**What you need to do:**
Beginning with the line that has "New retractable storage" and ending with the line that has "書写の学習は硬筆でした。今ま", retype the entries below exactly, except for the pictures.

[Records drawn from a dataset]
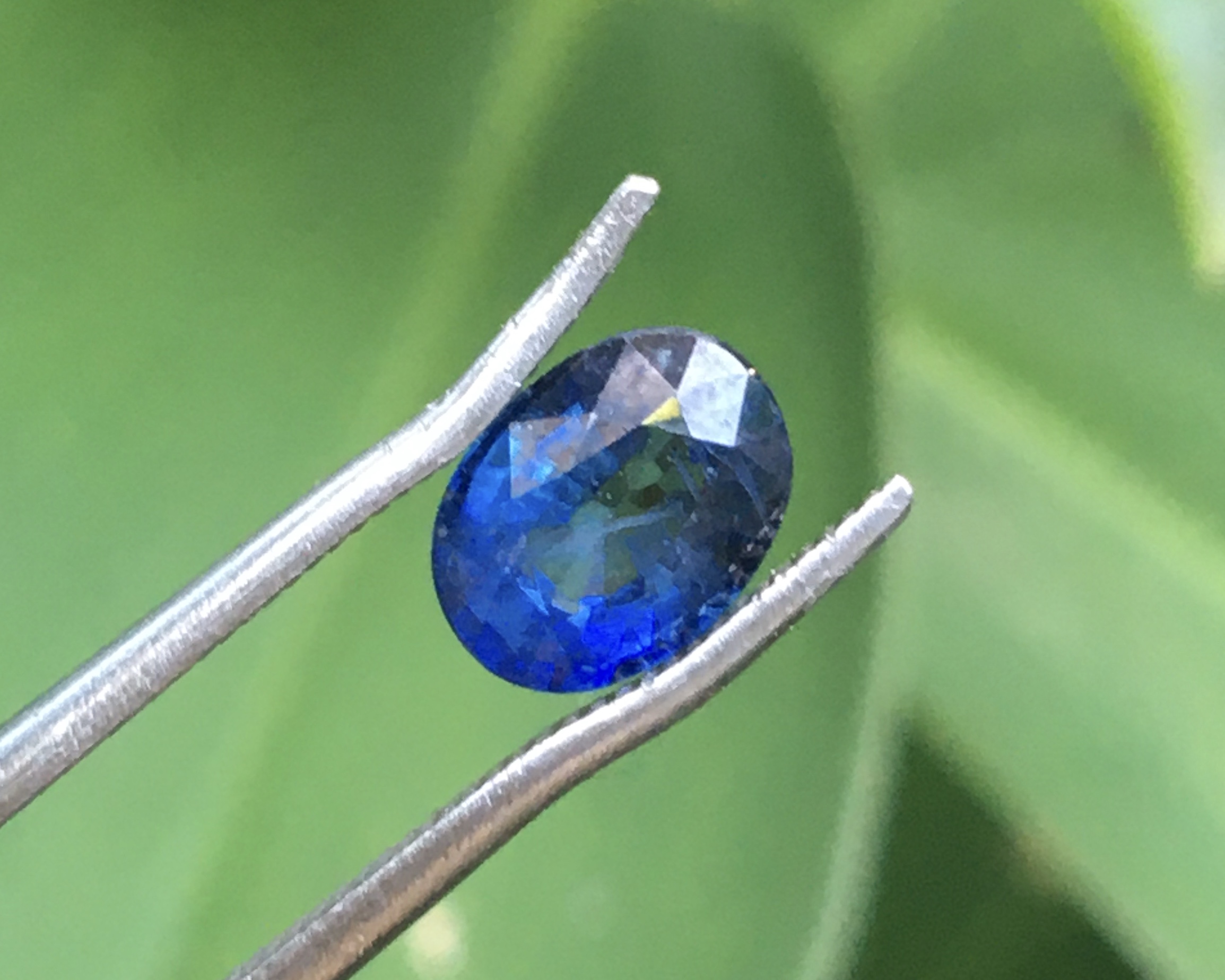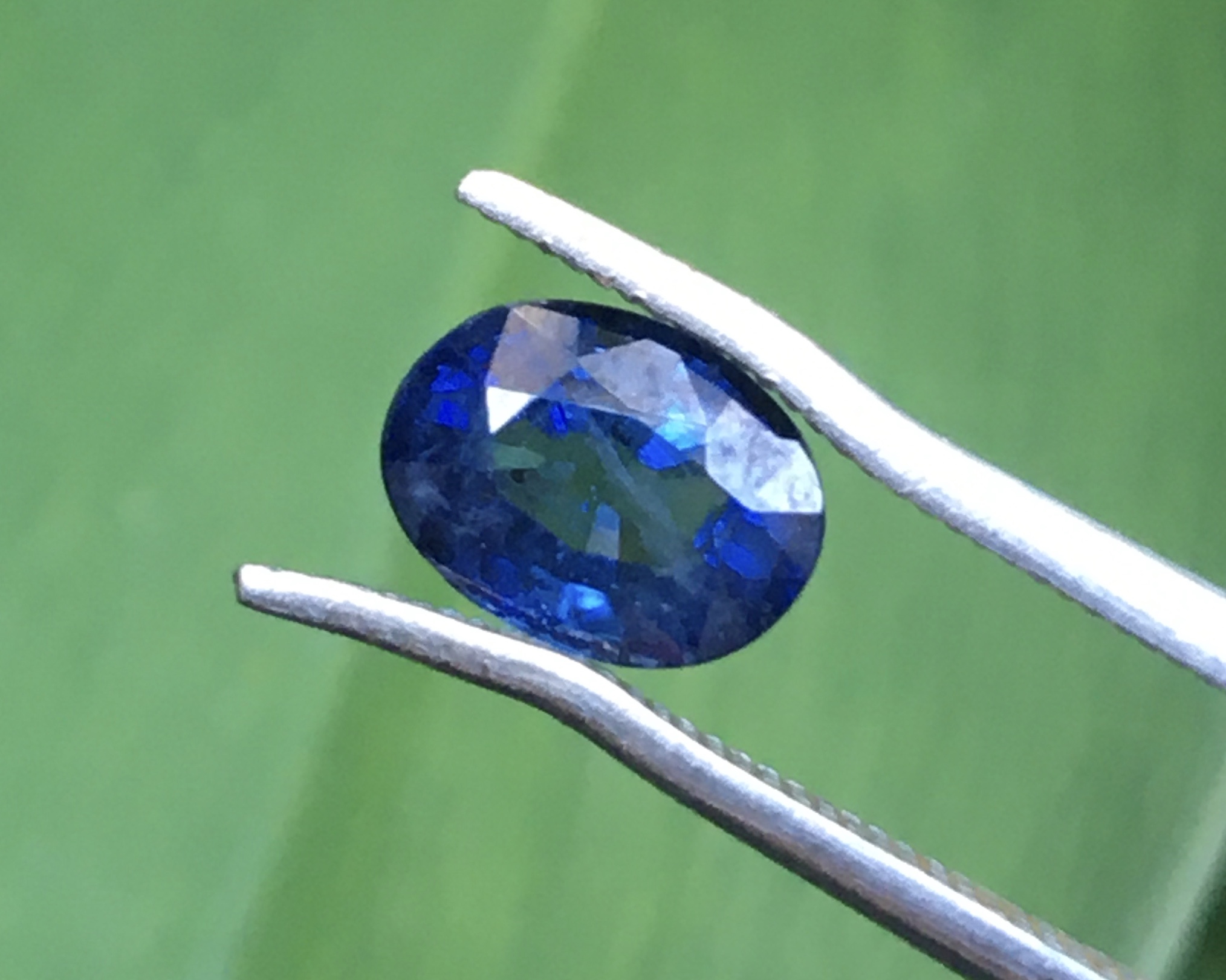 พลอยไพลิน เผาเก่า ขนาด 1.23 กะรัต ขนาด 7.0x5.2 มิล พลอยถ่ายแสงธรรมชาติสีน้ำเงินสวยจากบ่อแอฟริกา
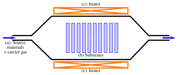 - CVD с горячей нитью (англ. Hot wire chemical vapor deposition (HWCVD) / hot filament CVD (HFCVD)) — также известен как каталитический CVD (англ. Catalitic chemical vapor deposition (Cat-CVD)). Использует горячий носитель для ускорения реакции газов.
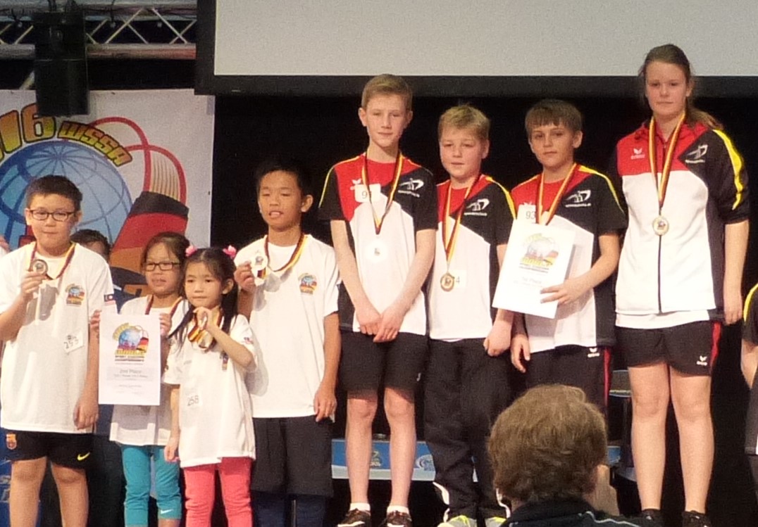 Maxi Gemmer landete mit dem Team Germany NJFM der 12jähigen im 363-Zeitstaffelwettbewerb großen Coup, den das deutsche Team hielt mit 16,028 sec. gegenüber 16,225 sec. die Malaysia All Stars in Schach und wurde Weltmeister!
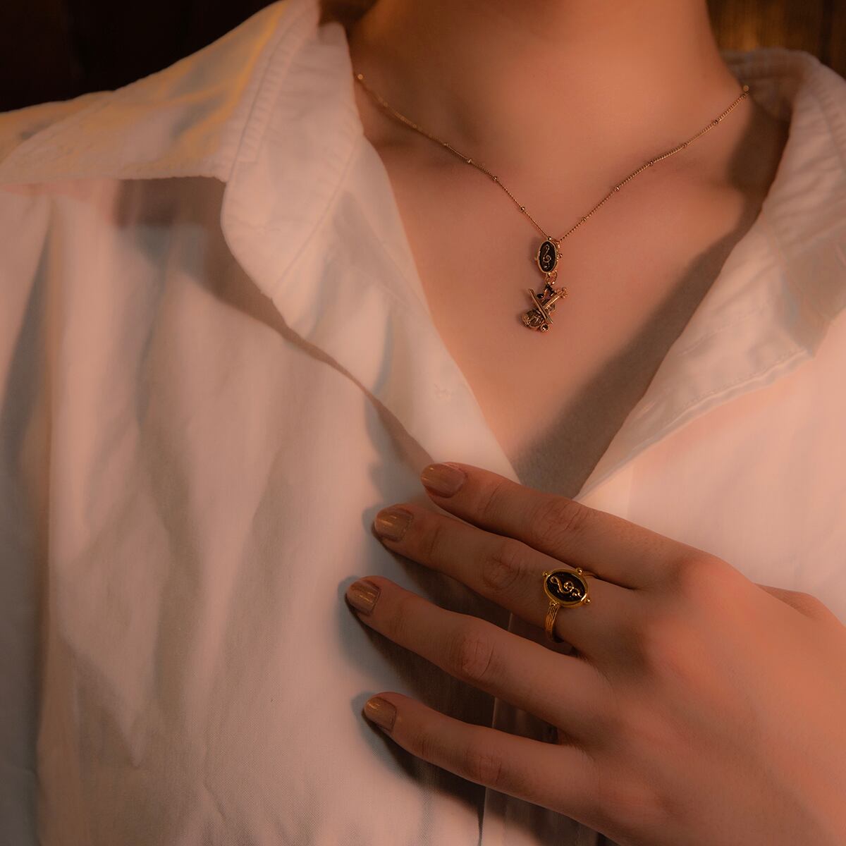 フレームはコーダ記号、指輪のアーム部分は五線譜、そしてその端には楽譜の終止符のような太いラインが施されて作られているという、まさに音楽好きの方におすすめのアクセサリーが登場しました◎
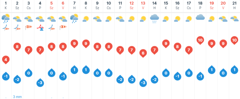 Szerdára virradó éjjel egy melegfront tör be térségünkbe, majd napközben erős, viharos északnyugati széllel újabb hidegfront érkezik Szegedre. A napos-gomolyfelhős időben ekkor elszórtan ismét lehetnek záporok. Hajnalban -1, majd napközben 8 fok körüli értékeket mérhetünk majd Szegeden.
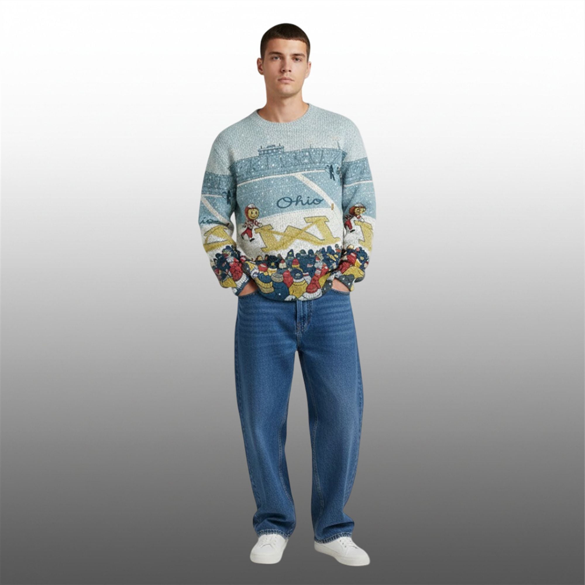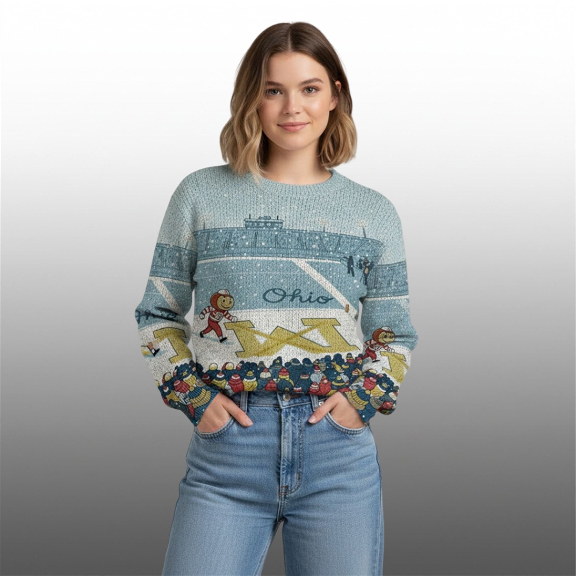 Bring the electric atmosphere of “The Horseshoe” straight to your holiday wardrobe with the ultimate piece of fan gear. The Brutus Buckeye Rivalry Ugly Christmas Sweater captures the legendary intensity of the Ohio State vs. Michigan rivalry, set against a nostalgic, snowy backdrop.
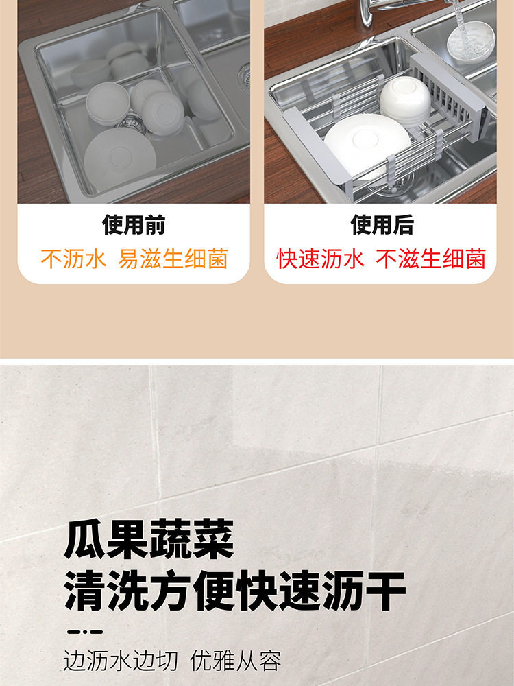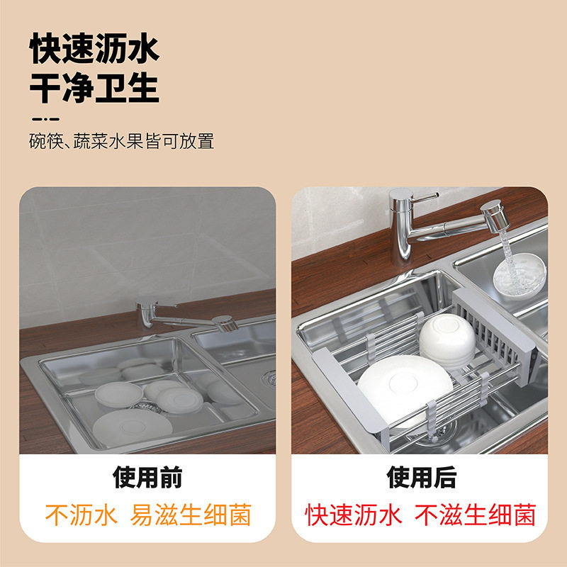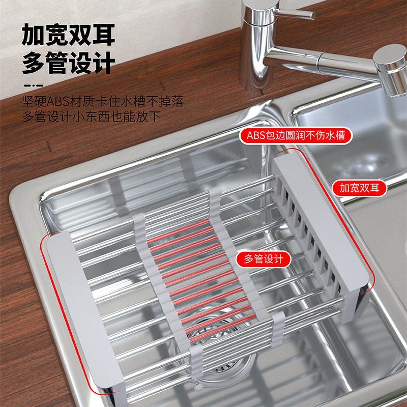 New retractable storage rack 304 stainless steel sink drain basket kitchen sink drain rack
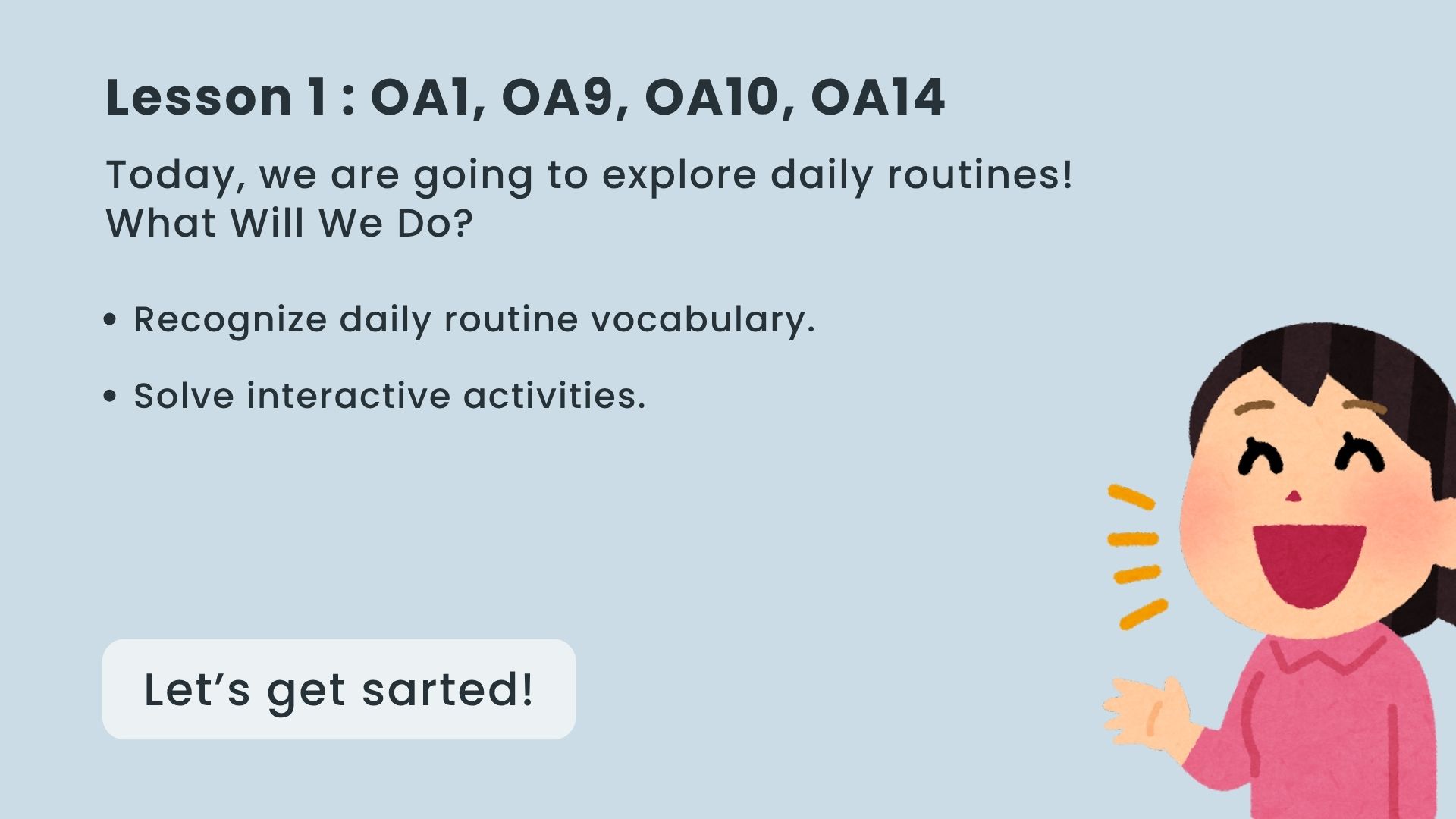 Este recurso fue diseñado para estudiantes de enseñanza básica con un nivel inicial de inglés. Está enfocado en enseñar daily routines de forma entretenida, interactiva y significativa. Perfecto para trabajar los OA 01, 09, 10 y 14 del currículum chileno 🇨🇱📘.
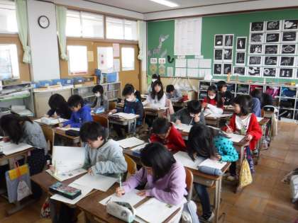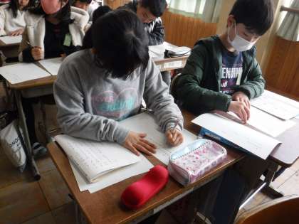 書写の学習は硬筆でした。今まで学んだことを意識して取り組みます。「ごんぎつね」の文章を集中して書いていました。
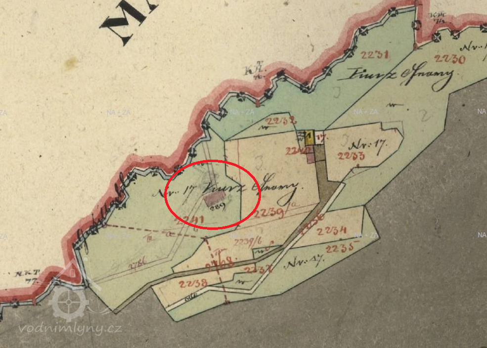 1838 - Georg Kurz. Mlýn byl vystavěn po roce 1838, do indikační skici je dokreslen dodatěčně. Obytná budova vznikla před rokem 1838.
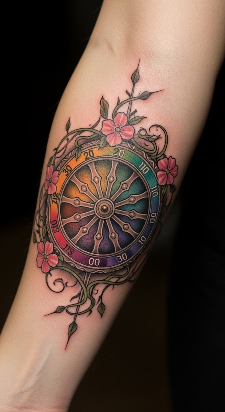 This tattoo design embodies the essence of embracing life’s changes and the transformative power of the Wheel of Fortune.
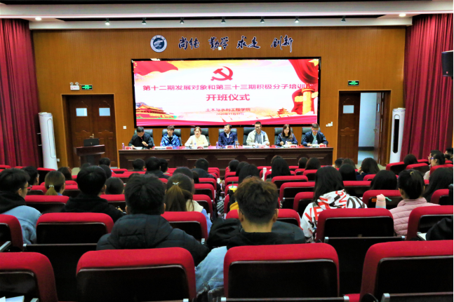 2020年11月12日中午12:30,土木与水利工程学院第十二期党员发展对象与第三十三期入党积极分子培训班开班仪式于知行楼三阶开展。学院党委书记张晓天、党委副书记苏宇静、党委副书记柳松洁、各学生党支部书记、2020年秋季学期积极分子、2020年下半年党员发展对象全体学员参加了本次开班仪式。
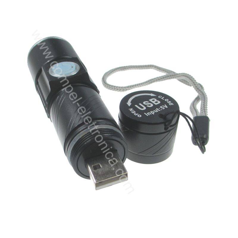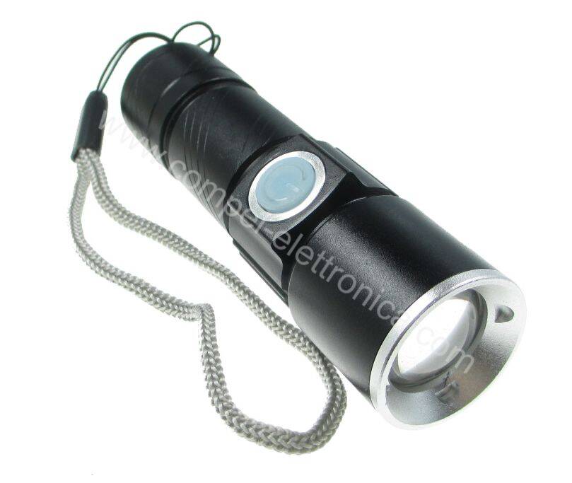 TORCIA A LED 5W 2000Lm RICARICABILE CON SPINA USB, ZOOM, STROBE, STAGNA
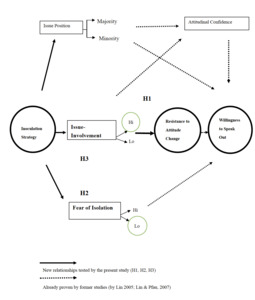 Research has left room open for other variables supporting the theoretical function of weaving the two theories, such as fear of isolation and issue involvement. These issues have been examined by the present study. Fear of isolation is negatively correlated with people’s willingness to speak out in public, whereas issue-involvement is not only an essential variable in inoculation but also an important concept to measure the hard core in the spiral of silence. The newly examined variables and relationships in the present study and those shown in previous studies are presented in Figure 1 using different types of arrows to represent their conceptual relationships.
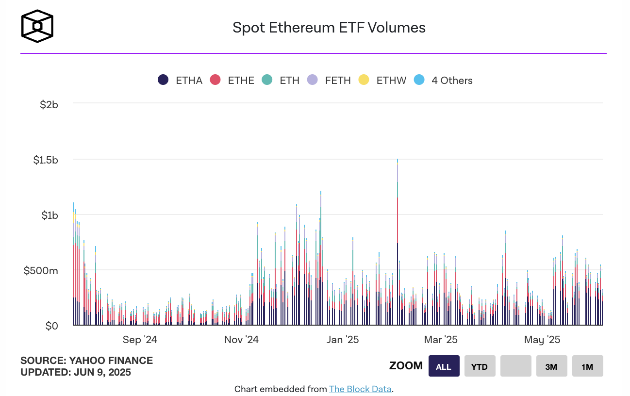 „Es ist nicht überraschend zu sehen, dass Ethereum auf dem Radar institutioneller Investoren erscheint. Wir sehen, dass die Zuflüsse für die ETFs zunehmen. In den letzten 20 Tagen ging es um 815 Millionen Dollar, und über das ganze Jahr gemessen steht jetzt ein positiver Strom von 658 Millionen Dollar,“ so berichten die Analysten von Bernstein weiter.
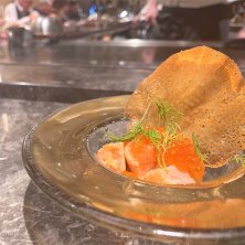 仕事関係のお世話になってる社長のお誕生日会 ってことで鉄板焼きコースランチ …もう1人の社長が全額お出ししてくれたので、お値段は知らないまま過ごそうと思ってる ヒレとサーロインの食べ比べで、どっちかが近江牛、どっちかが宮崎牛とのことでした

**Answer below:**
 New retractable storage rack 304 stainless steel sink drain basket kitchen sink drain rack
 Este recurso fue diseñado para estudiantes de enseñanza básica con un nivel inicial de inglés. Está enfocado en enseñar daily routines de forma entretenida, interactiva y significativa. Perfecto para trabajar los OA 01, 09, 10 y 14 del currículum chileno 🇨🇱📘.
 書写の学習は硬筆でした。今まで学んだことを意識して取り組みます。「ごんぎつね」の文章を集中して書いていました。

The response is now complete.